A table expression from which the output rows are returned.

 

DAX guide (https://dax.guide/window/) states:

 

A table expression from which the output row is returned.

 

 

 

Here you can download the pbix file that contains the DAX measures: https://tommartens-my.sharepoint.com/:u:/g/personal/tom_minceddata_com/EaYvRtR7pL5JkB44j-VH1e4BgaO-cB8EHOgacJfr6tnkVg?e=2RR6sL

The relation parameter

f you are wondering why I love the parameter relation the most when it’s an optional parameter is simple: when this parameter is omitted, this parameter is implicitly replaced by the columns specified in the ORDERBY and PARTITIONBY sub-functions.

 

I think this makes understanding the DAX statement more complex by only saving some characters. “Explicit is better than implicit.” can be applied here. This is (should be) one of the guiding principles when creating Python code. You will find all these principles here: https://peps.python.org/pep-0020/. I imagine the relation as an ordered list of tuples, where a tuple can comprise one or more columns. The ordering of the tuples is specified by the ORDERBY sub-function. The next image shows a table from my very simple sample with some measures using the WINDOW function:

 

 

Row selection and the current row (the current tuple)
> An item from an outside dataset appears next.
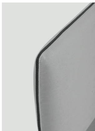
bordino morbido in contrasto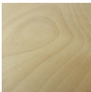
Bare wood sanded to 240 grit

Sometimes, I need some extra thinking about how the “row selector” works because I’m confused about the current row. In the first part of a mini-series about windowing functions, Jeffrey Wang makes it clear:

 

… the window function will derive the current partition and the current row from its evaluation context.

 

Even if this is simple and clear, now and then, I need some extra thinking. For this reason, I always use the following visualization that reminds me of how to properly use the row-selection parameter(s):

 

 

Most of the time, I use WINDOW over the more specialized functions OFFSET and INDEX. I always imagine the row selection parameters of the WINDOW function as defining a lower bound and an upper bound. The result of WINDOW returns the rows of the relation between these bounds, including the lower and the upper bound. The next table shows some examples, all the examples based on the 2024-01-07 as the current row (the current tuple):

Some advanced examples

The next sections showcase some advanced examples. The many use cases where windowing functions improve the performance of the DAX measure and make the code more readable are sometimes not obvious. The next chapters are here to help me remember how I solved some challenges in the past.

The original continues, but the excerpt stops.